— PROBLEM DETAILS —
Everything in the listing below should be repeated verbatim, apart from the pictures.

........

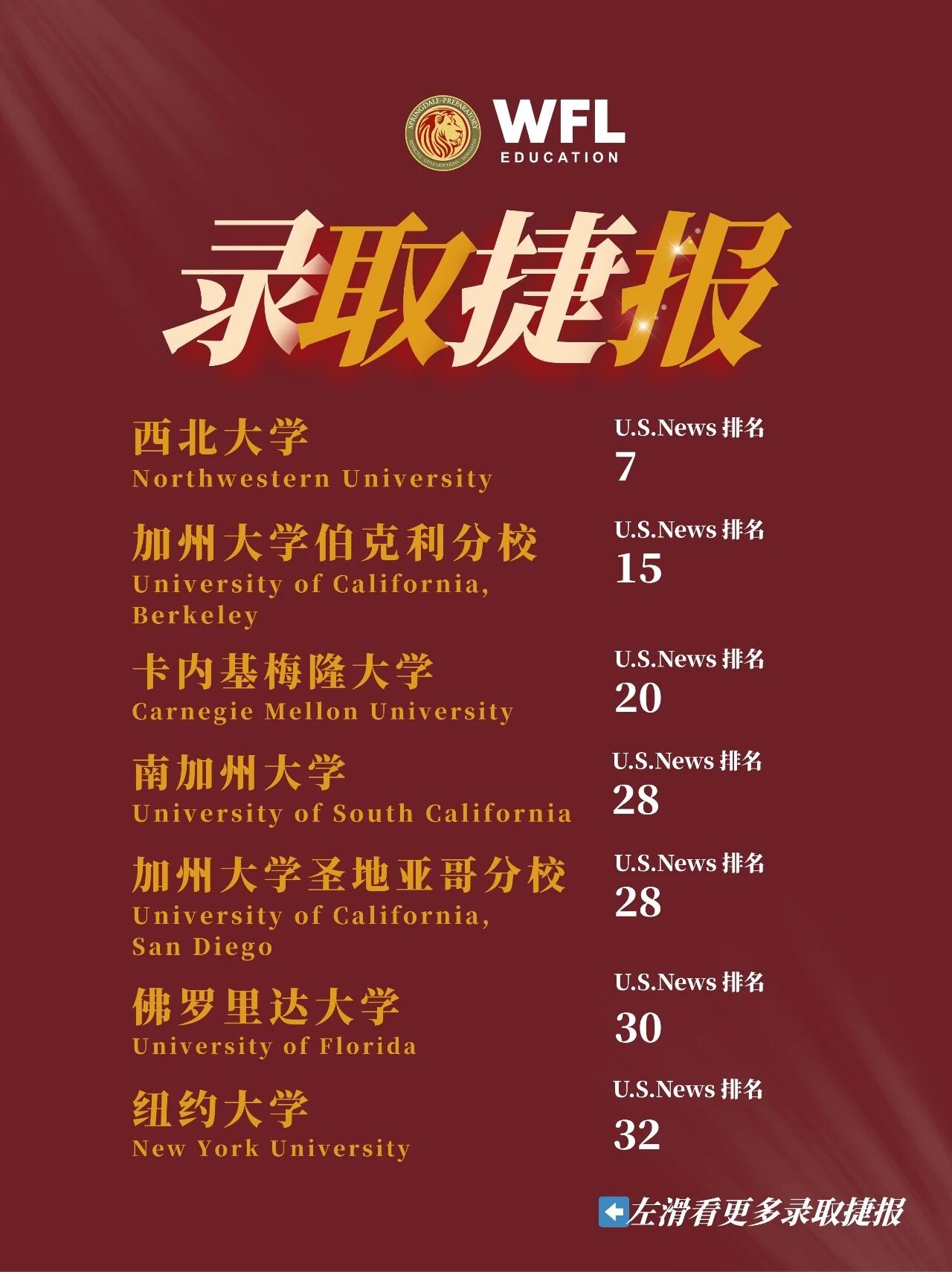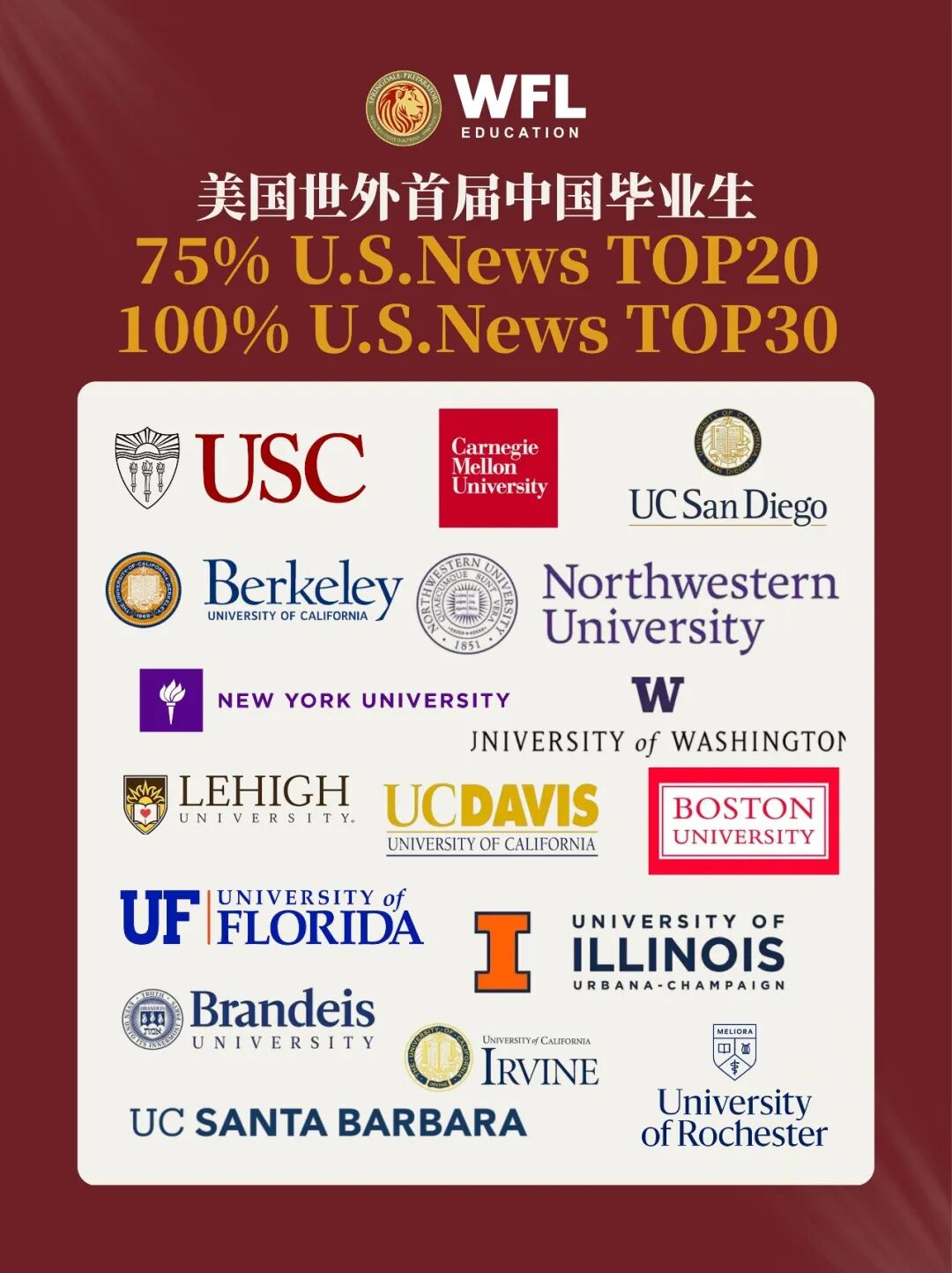 在此次申请季中,美国世外首届中国毕业生表现惊艳。截至26年3月31日,录取院校覆盖范围广泛,包括全美TOP7的西北大学(传播学专业录取)、前15的加州大学伯克利分校(全美公立第一)、TOP20的卡内基梅隆大学(艺术×科技交叉强校)、文科与影视领域的南加州大学、具有无界校园和全球视野的纽约大学、工科殿堂伊利诺伊大学香槟分校UIUC,几乎囊括了UC系学校,如UC圣地亚哥、UC戴维斯、UC欧文、UC圣塔芭芭拉。更值得关注的是录取数据的含金量,U.S.NewsTOP20录取率达75%,U.S.NewsTOP30录取率为100%。
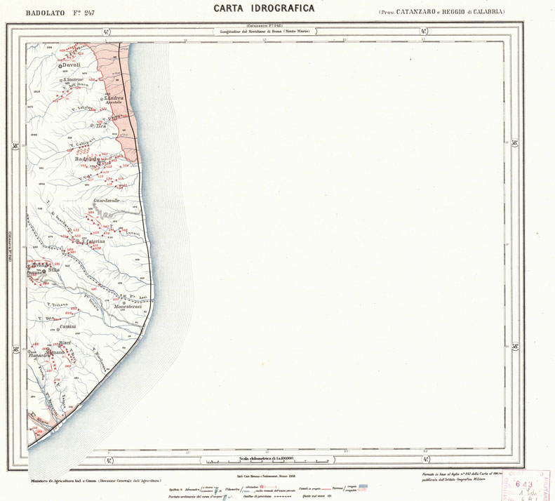 CARTA IDROGRAFICA DEL REGNO D'ITALIA - Foglio 247 - Badolato
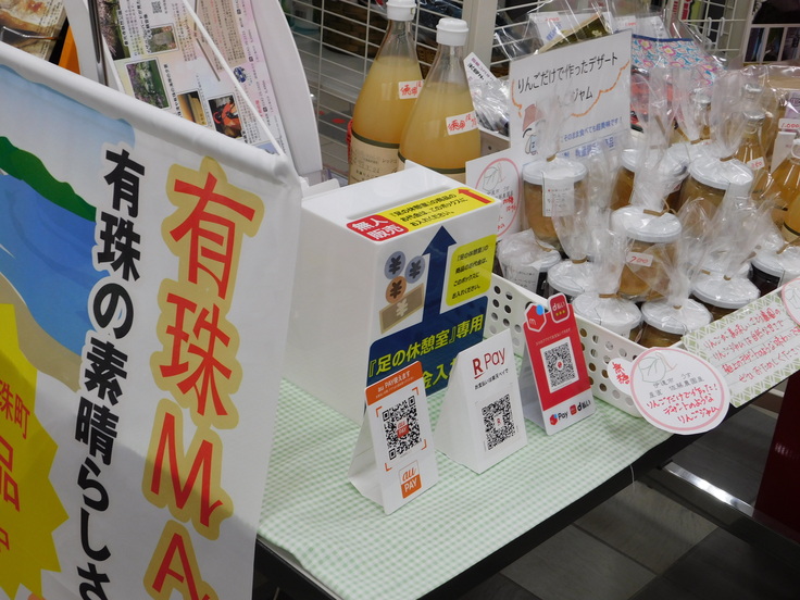 有珠のりんごジュースなど販売しています。秋は有珠のりんごも販売。
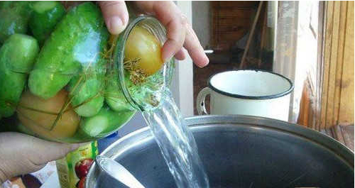 - Поставьте нагреваться чайник, после выключения ошпарьте кипятком огурцы в банке.
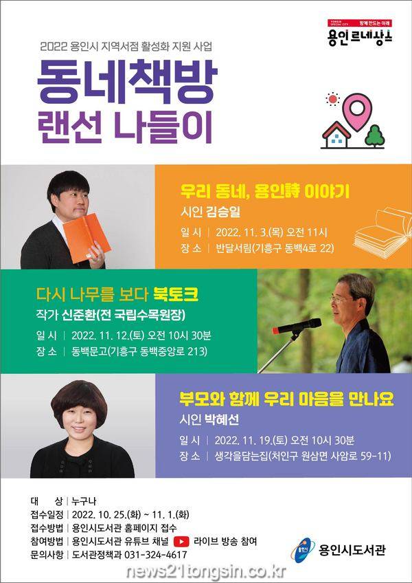 강연은 각 서점과 용인시도서관 공식 유튜브 채널을 통해 온·오프라인으로 진행된다. 온라인 참여를 하려면 25일부터 시 도서관 홈페이지를 통해 접수하면 된다.
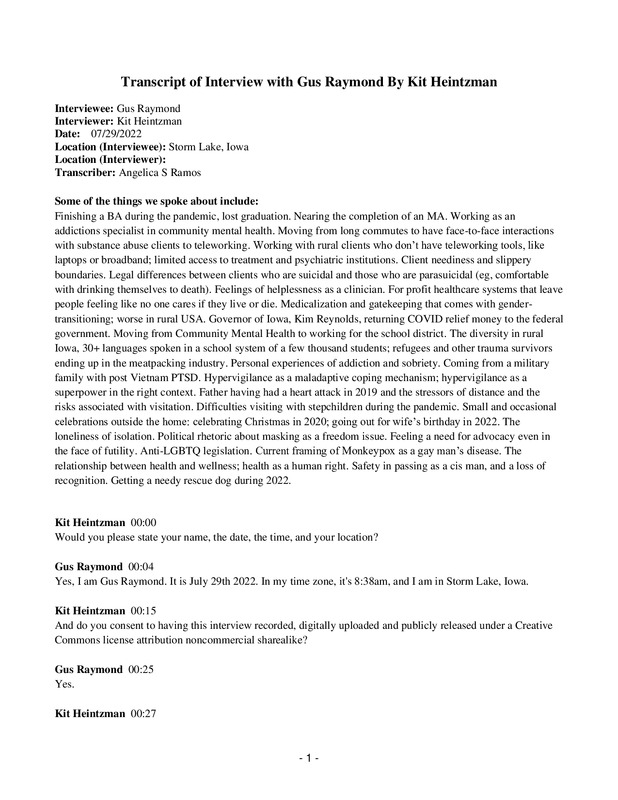 Self Description: "Oh, gosh, it's a long list as far as titles go. I am currently at the very end of my master's program for clinical mental health. So I'm a mental health intern. I also work full time in the school district, the local school district, as the director of prevention and intervention. I am a certified CADC for the state of Iowa, which means I'm, I'm a substance abuse counselor, and I have been for close to five years now. Gosh, I'm a trans man, I'm a husband, I'm a dad. I'm a dog dad. I used to be a chef, and now I just wear about 15 different hats and and try to do all the things that feel right to me to make the world better."
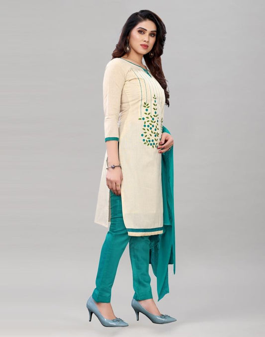 Mesmerising Off White Cotton Embroidered Unstitched Salwar Suit
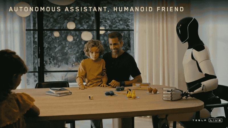 不久前的特斯拉「We, Robot」发布会上,Tesla Bot 走出工厂,真正进入人们的生活。当晚的 After Party 上,头戴绅士帽的 Tesla Bot 在吧台后给观众边倒饮料边聊天,场外的 Tesla Bot 和观众玩猜拳游戏,即便不小心竖起了中指,整个场面仍然是相当科幻和震撼的。
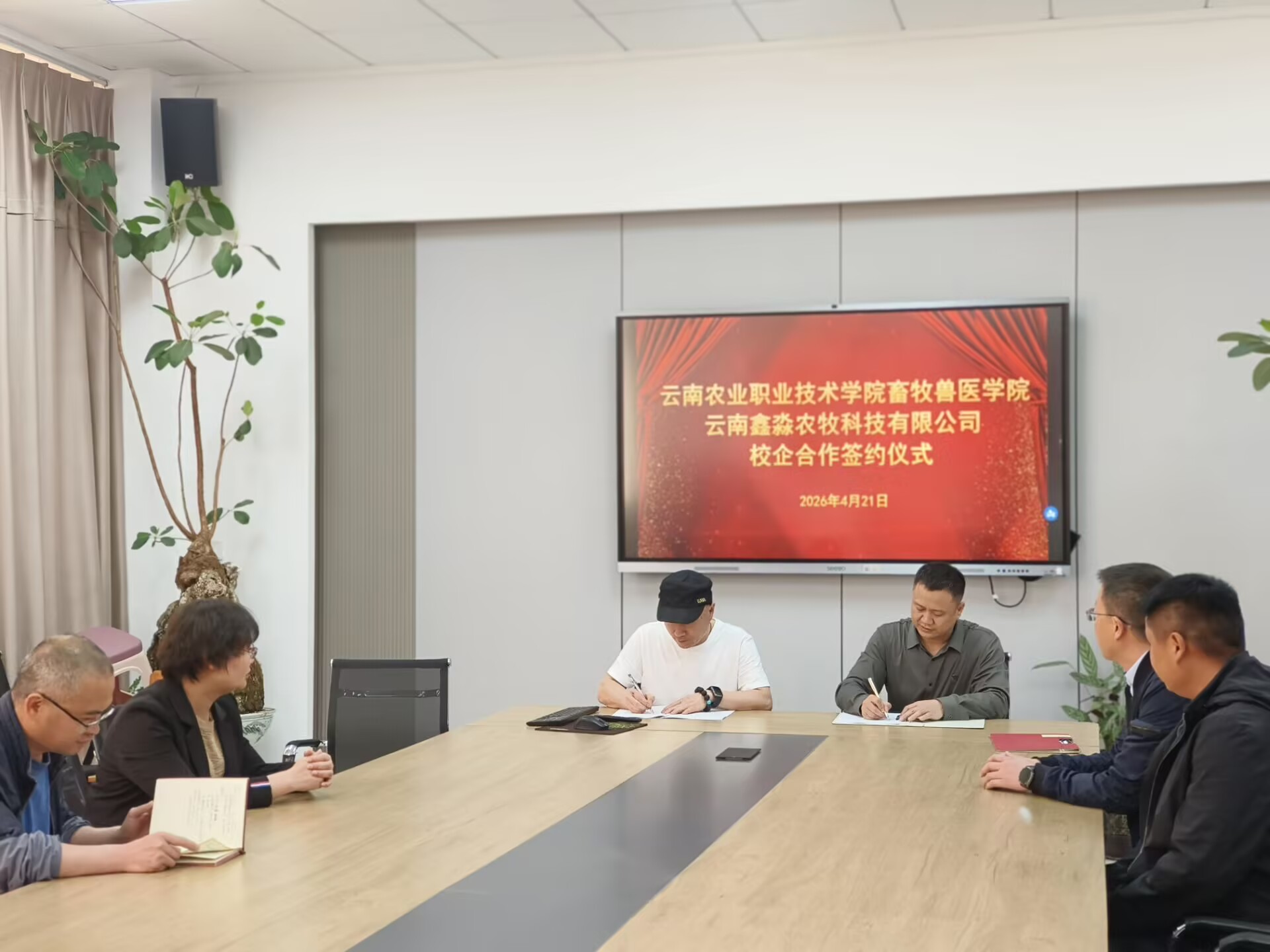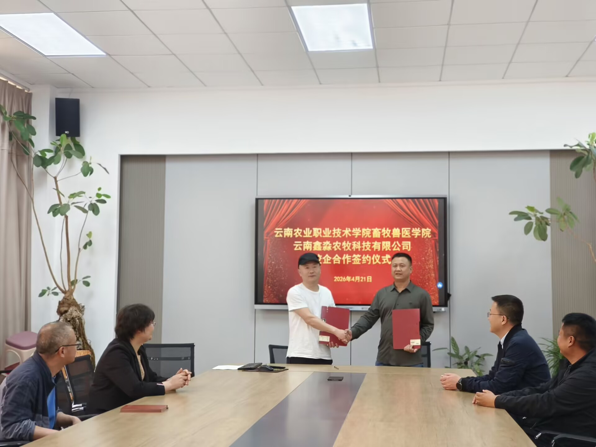 产教融合4 月 21 日,我校畜牧兽医学院与云南鑫淼农牧科技有限公司校企合作签约仪式在学校会议室隆重举行。校企双方代表齐聚一堂,围绕人才培养创新、产业需求对接、科研资源共享等议题展开深度交流,正式敲定系列合作举措,为应用型农牧人才培养开辟新路径。
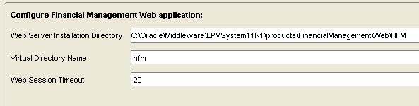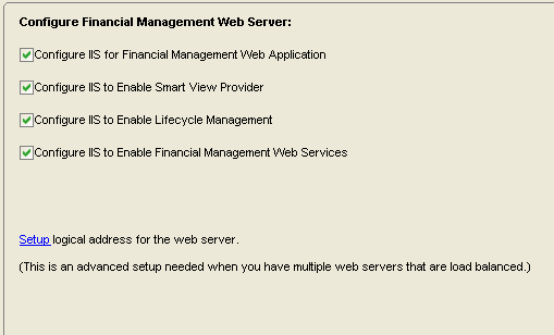 On the Financial Management Web Server configuration panel, specify the components that you want to enable as Web applications in IIS or accept the default values, and click Next.
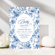 Chic Classic Blue Toile de Jouy Floral Baby Shower Invitation
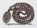 Details: Hand-knotted tiger eye mala necklaces: 108 8mm/10mm round grade AA red tiger eye beads with iron tiger pendant/12mm guru bead and iron tiger pendant (you can choose different pendants, but there will be tiny different in shape & color, we will make the jewelry randomly according to our stock) Item: GMN5070 Material: No.1: 8mm: 108 8mm red tiger eye beads & iron tiger pendant 10mm: 108 10mm red tiger eye beads & iron tiger pendant No.2: 8mm: 108 8mm red tiger eye beads, 12mm guru bead & iron tiger pendant 10mm: 108 10mm red tiger eye beads, 12mm guru bead & iron tiger pendant Color: See image Length (inch): Necklace length: 8mm: approx 37 - 40 inches (Not including guru bead & pendant) 10mm: approx 46 - 50 inches (Not including guru bead & pendant) Quantity Discount Pricing: 1 - 4: None 5 - 49: 95% 50 - 99: 90% 100+: 85% This mala is available in both 8mm and 10mm beads, The listed price is for 1 piece 8mm mala necklace
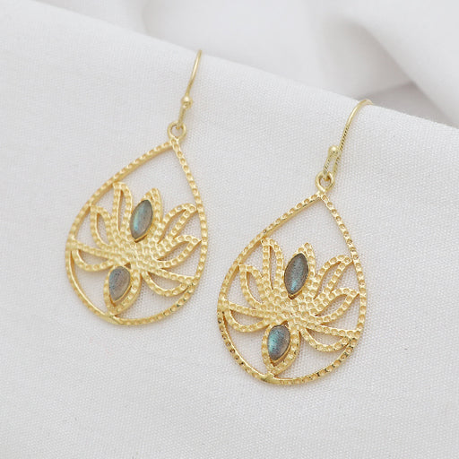 Vergoldete Ohrringe mit Lotusblume und Labradorit – spirituell und stilvoll

........

— WRITTEN REPLY —
 在此次申请季中,美国世外首届中国毕业生表现惊艳。截至26年3月31日,录取院校覆盖范围广泛,包括全美TOP7的西北大学(传播学专业录取)、前15的加州大学伯克利分校(全美公立第一)、TOP20的卡内基梅隆大学(艺术×科技交叉强校)、文科与影视领域的南加州大学、具有无界校园和全球视野的纽约大学、工科殿堂伊利诺伊大学香槟分校UIUC,几乎囊括了UC系学校,如UC圣地亚哥、UC戴维斯、UC欧文、UC圣塔芭芭拉。更值得关注的是录取数据的含金量,U.S.NewsTOP20录取率达75%,U.S.NewsTOP30录取率为100%。
 CARTA IDROGRAFICA DEL REGNO D'ITALIA - Foglio 247 - Badolato
 有珠のりんごジュースなど販売しています。秋は有珠のりんごも販売。
 - Поставьте нагреваться чайник, после выключения ошпарьте кипятком огурцы в банке.
 강연은 각 서점과 용인시도서관 공식 유튜브 채널을 통해 온·오프라인으로 진행된다. 온라인 참여를 하려면 25일부터 시 도서관 홈페이지를 통해 접수하면 된다.
 Self Description: "Oh, gosh, it's a long list as far as titles go. I am currently at the very end of my master's program for clinical mental health. So I'm a mental health intern. I also work full time in the school district, the local school district, as the director of prevention and intervention. I am a certified CADC for the state of Iowa, which means I'm, I'm a substance abuse counselor, and I have been for close to five years now. Gosh, I'm a trans man, I'm a husband, I'm a dad. I'm a dog dad. I used to be a chef, and now I just wear about 15 different hats and and try to do all the things that feel right to me to make the world better."
 Mesmerising Off White Cotton Embroidered Unstitched Salwar Suit
 不久前的特斯拉「We, Robot」发布会上,Tesla Bot 走出工厂,真正进入人们的生活。当晚的 After Party 上,头戴绅士帽的 Tesla Bot 在吧台后给观众边倒饮料边聊天,场外的 Tesla Bot 和观众玩猜拳游戏,即便不小心竖起了中指,整个场面仍然是相当科幻和震撼的。
 产教融合4 月 21 日,我校畜牧兽医学院与云南鑫淼农牧科技有限公司校企合作签约仪式在学校会议室隆重举行。校企双方代表齐聚一堂,围绕人才培养创新、产业需求对接、科研资源共享等议题展开深度交流,正式敲定系列合作举措,为应用型农牧人才培养开辟新路径。
 On the Financial Management Web Server configuration panel, specify the components that you want to enable as Web applications in IIS or accept the default values, and click Next.
 Chic Classic Blue Toile de Jouy Floral Baby Shower Invitation
 Details: Hand-knotted tiger eye mala necklaces: 108 8mm/10mm round grade AA red tiger eye beads with iron tiger pendant/12mm guru bead and iron tiger pendant (you can choose different pendants, but there will be tiny different in shape & color, we will make the jewelry randomly according to our stock) Item: GMN5070 Material: No.1: 8mm: 108 8mm red tiger eye beads & iron tiger pendant 10mm: 108 10mm red tiger eye beads & iron tiger pendant No.2: 8mm: 108 8mm red tiger eye beads, 12mm guru bead & iron tiger pendant 10mm: 108 10mm red tiger eye beads, 12mm guru bead & iron tiger pendant Color: See image Length (inch): Necklace length: 8mm: approx 37 - 40 inches (Not including guru bead & pendant) 10mm: approx 46 - 50 inches (Not including guru bead & pendant) Quantity Discount Pricing: 1 - 4: None 5 - 49: 95% 50 - 99: 90% 100+: 85% This mala is available in both 8mm and 10mm beads, The listed price is for 1 piece 8mm mala necklace
 Vergoldete Ohrringe mit Lotusblume und Labradorit – spirituell und stilvoll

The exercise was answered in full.